When my parents married, he was forty, she was twenty. As far as he was concerned, she was worth waiting for and could do no wrong.

My father was a Republican. In fact, that’s an understatement. He began voting in 1912 (the year my mother was born), voted in 12 presidential elections, and never crossed over to the “D” column. Back then you could save time by putting an “X” in one box, known in our house as the “straight Republican ticket.”

First it was Taft in 1912, and last it was Eisenhower in 1956. In between, ten presidential elections, he voted for Hughes, Harding, Coolidge, Hoover (twice), Landon, Wilkie, Dewey (also twice), and Eisenhower. My dad had a pretty good run in the 1920’s, then went into a slump in the ‘30’s and ‘40’s, but emerged a winner his last two times at the ballot box.

How do I know this?
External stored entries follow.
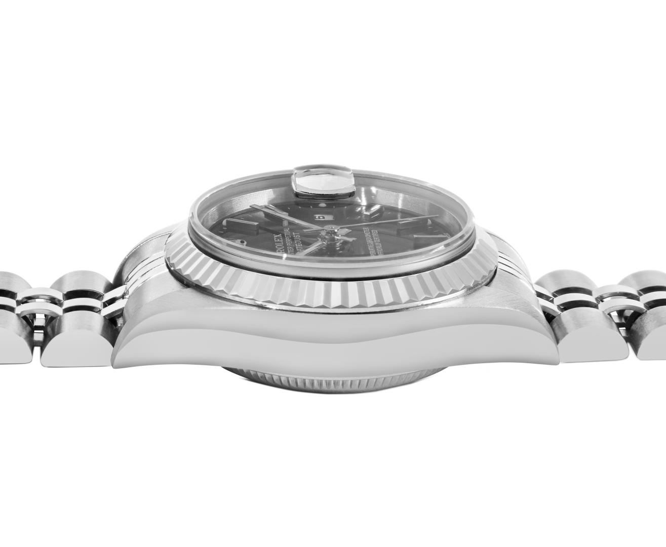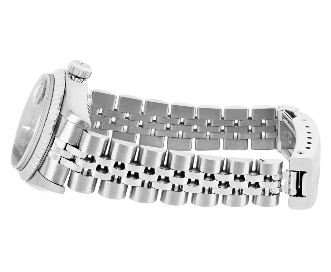 One Rolex Ladies Pre Owned Quickset Stainless Steel Datejust Wristwatch Polished Bright with Satin Finish, Serviced & Electronically Tested, Stainless Steel Case: 26mm, Stainless Steel Crown, Rolex Bezel: 18K White Gold Fluted Bezel, Crystal: Sapphire With Magnifying Date Window. Hands: Luminescent Hands. Rolex Movement: Rolex Automatic Movement Self Winding 2235. Rolex Dial: Factory Black With Index Hour Markers And Dash Track and Lumi Dots. Date Window: 3 O'Clock Position Date Display, Model: Quickset Sapphire Datejust. Condition: G-6 Extra Fine. Rolex Bracelet: Stainless Steel Jubilee Band. Bright Polish & Satin Finish. 6.0 Inch Length, Adjustable. Standard Clasp, With Rolex Logo. This Watch Has Been Serviced Time Tested And Is In Excellent Condition. It Is Free Of All Scratches And Dents.
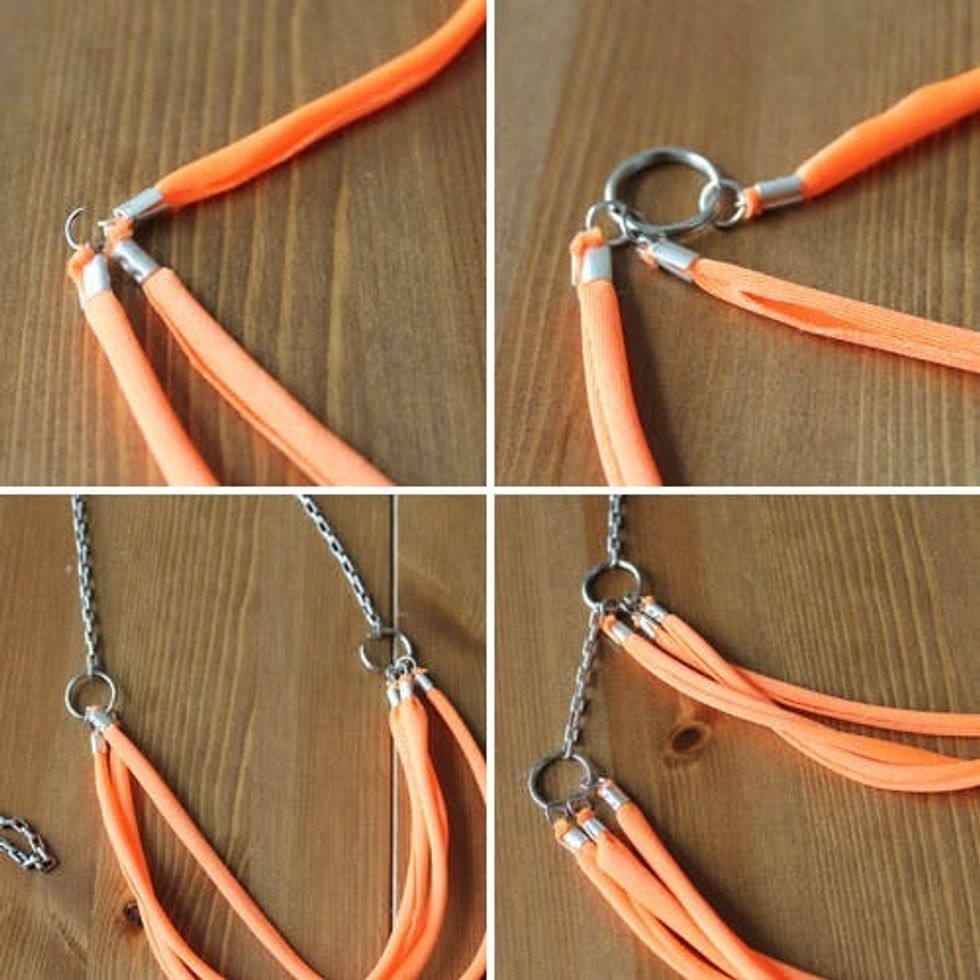 Attach each cord end to a loop, and then attach that loop to a small key ring. Now you've got your two necklace levels. Take the 8 inch section and attach both ends to a chain.
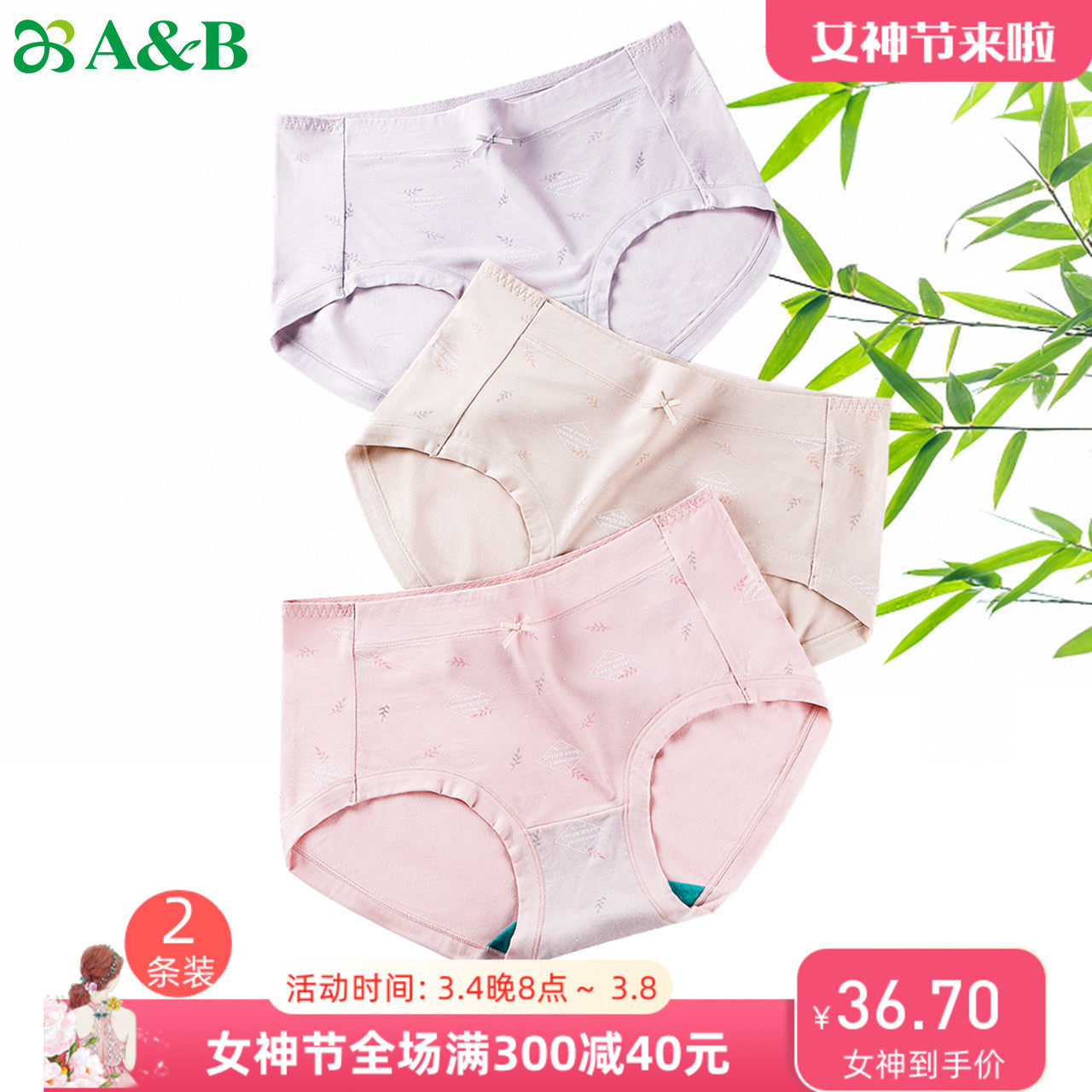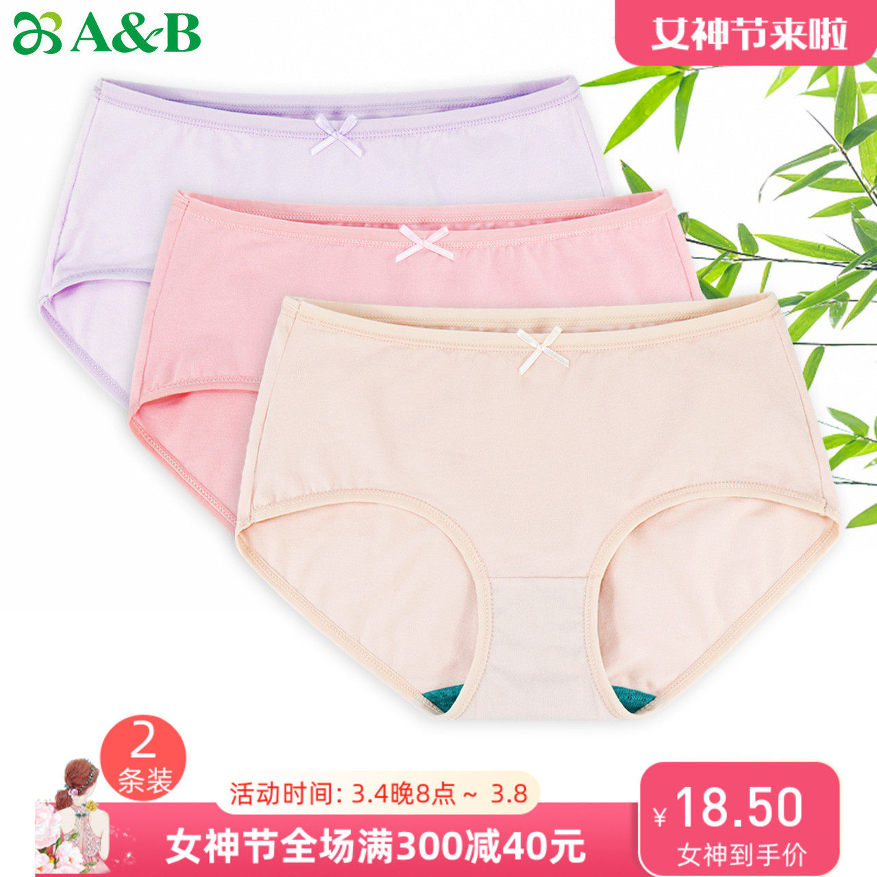 A&Bab内衣【2条装】女平脚内裤弹力纯棉裆中腰女士平角短裤D835

He told me so in a conversation I initiated when I was around 16.

“Dad, you’re a Republican, right?”

“Yes, I sure am,” he replied.

“You have friends who are Democrats,” I said.

“Of course,” my father answered, without saying just how many or who they were.

“Would you ever vote for a Democrat?” I wondered aloud.

“Yes I would,” he said.

“Have you ever done so?” I asked him.

He paused, as if trying to remember, then said, “No, not that I can recall.”

“Well Dad,” I pressed on, “you’ve been voting since when, 1912?”

“That’s right, I turned 21 that year,” he told me.

I did a quick calculation. “So, you’ve voted in 11 elections and you’ve never voted for a Democrat. How do you explain that?”

Without hesitation my father answered my question: “Because there’s never been a good Democrat.”

The voters of New Hampshire didn’t always see it that way. Twice they supported Woodrow Wilson, a Democrat, but then they got in line with my father and favored Republicans Harding, Coolidge, and Hoover. History hasn’t treated those three too favorably, although I remember my father’s close friend and fly-fishing buddy, a dentist in Claremont named “Doc” Hodgkins, telling me that Calvin Coolidge was “the best President we ever had.”

In 1932, New Hampshire was one of the few states to follow my father’s lead and support Harding (Roosevelt swamped him). Four years later the tide shifted, and the Granite State went for FDR the next three times – to my father’s great consternation.

I never discussed politics with my mother when I was young, although I’m sure she considered herself a Republican. I do know that in her later years, after transplanting herself from Claremont to Boston, she became a registered Democrat. She voted for Bill Clinton and thought he was perfect, even when he wasn’t.

I also know that at least once she did do wrong and voted for Roosevelt. My father never forgave her.